После Обре в вагоне стали завтракать. Было без четверти двенадцать. А когда прочли «Angelus» и трижды повторили молитвы святой деве, Пьер вынул из чемодана Мари маленькую голубую книжку с наивным изображением лурдской богоматери на обложке. Сестра Гиацинта хлопнула в ладоши — и все стихло. Священник начал читать своим красивым, проникновенным голосом; внимание всех пробудилось, эти взрослые дети увлеклись чудесной сказкой. Повествование шло о жизни Бернадетты в Невере и о ее смерти. Но как и в первые два раза, Пьер быстро перестал заглядывать в текст, передавая прелестные рассказы по памяти; и для него самого раскрывалась подлинно человечная и бесконечно грустная история Бернадетты, которой никто не знал и которая глубоко потрясла его.
Восьмого июля тысяча восемьсот шестьдесят шестого года Бернадетта покинула Лурд. Она отправилась в Невер, чтобы постричься в монастыре Сен-Жильдара; там жили сестры, обслуживавшие убежище, где она научилась читать и где провела восемь лет жизни. Ей было тогда двадцать два года, прошло восемь лет с тех пор, как ей явилась святая дева. Бернадетта со слезами прощалась с Гротом, Базиликой, с любимым городом. Но она не могла больше там жить, ее преследовали людское любопытство, посещения, почести, поклонение. Слабое ее здоровье резко пошатнулось. Врожденная застенчивость и скромность, любовь к тишине пробудили в ней страстное желание скрыться в безвестной глуши от громкой славы избранницы, которой люди не давали покоя; она мечтала о простой, спокойной жизни, проводимой в молитве и в будничных трудах. Ее отъезд был, таким образом, облегчением как для нее, так и для преподобных отцов Грота: она стесняла их своим присутствием и тяжелой болезнью.
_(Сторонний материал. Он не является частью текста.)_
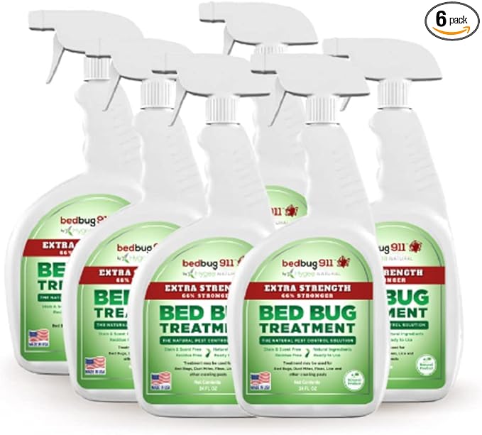 Extra Strength 24 oz Bed Bug & Mite Spray Bundle - Child & Pet friendly - Stain & Odor Free - 66% Stronger Natural Formula (6 Pack)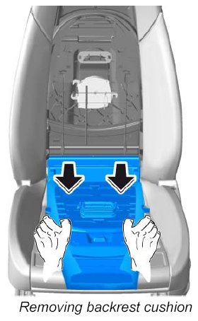 10. Move backrest cushion and cover forward off the seat and remove them -arrows- .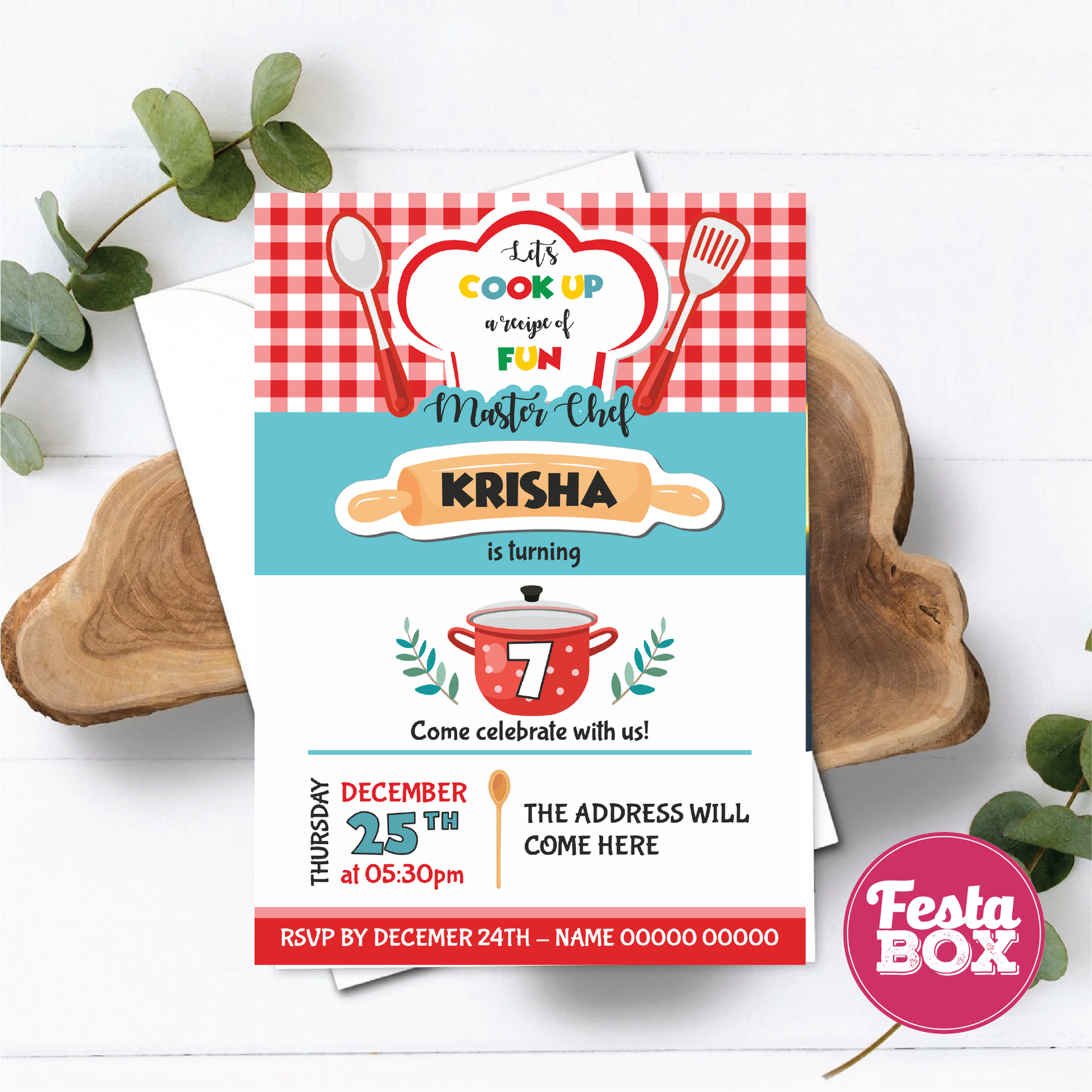 Celebrate your child's special day with our Birthday Party Invitation - Chef Theme! With Festabox's Chef Theme design, this set of 6 or 12 invitations is perfect for any little chef's first birthday or for boys and girls of all ages. Order now and get ready for a deliciously fun party!

Монастырь Сен-Жильдара в Невере показался Бернадетте раем. В нем было много воздуха, солнца, большие комнаты, огромный сад с красивыми деревьями. Но и там, в отдаленной пустыне, она не обрела покоя, полного забвения мирских сует. Прошло не больше трех недель, как она приняла постриг, под именем Мари-Бернар, и снова толпы потекли к ней. Ее преследовали даже в монастыре, желая воспользоваться милостями святой ее особы. Ах, видеть ее, прикоснуться к ней, созерцать ее, в надежде, что это принесет счастье, незаметно потереть об ее платье какую-нибудь медаль! Верующие, в своей легковерной страсти к фетишу, совсем затравили это несчастное существо, в котором они видели господа бога; каждый хотел унести свою долю надежды, чудесной иллюзии. Бернадетта плакала от усталости, от раздражения, повторяя: «Чего они меня так мучают? Чем я лучше других?» В конце концов ей стало в самом деле горько быть «занятным зверем», как она сама себя называла с печальной страдальческой улыбкой. Она защищалась, как могла, отказывалась видеть кого бы то ни было. Ее по-прежнему, а при некоторых обстоятельствах даже чересчур оберегали, показывая только тем посетителям, которым разрешал ее видеть епископ. Ворота монастыря оставались закрыты, и одни только духовные лица позволяли себе нарушать запрет. Но и этого было слишком много для девушки, жаждавшей полного уединения; часто она упрямилась, не желая принимать священников, заранее утомляясь от повторения все той же истории и тех же ответов на те же вопросы. Они оскорбляли в ее лице святую деву. Но по временам ей приходилось уступать, его преосвященство самолично приводил к ней высокопоставленных особ, прелатов; тогда она выходила с серьезным лицом, вежливо, но кратко отвечала на вопросы и была рада, когда ее оставляли в покое. Ни одно существо не тяготилось так своим великим призванием. Как-то на вопрос, не возгордилась ли она оттого, что епископ постоянно посещает ее, девушка ответила: «Его преосвященство вовсе не посещает меня, а показывает посетителям». Князья церкви, известные воинствующие католики, хотели ее видеть, умилялись, рыдали; а Бернадетта, в ужасе оттого, что стала предметом зрелищ, раздосадованная в своей душевной простоте посетителями, уходила от них, ничего не понимая, усталая и печальная.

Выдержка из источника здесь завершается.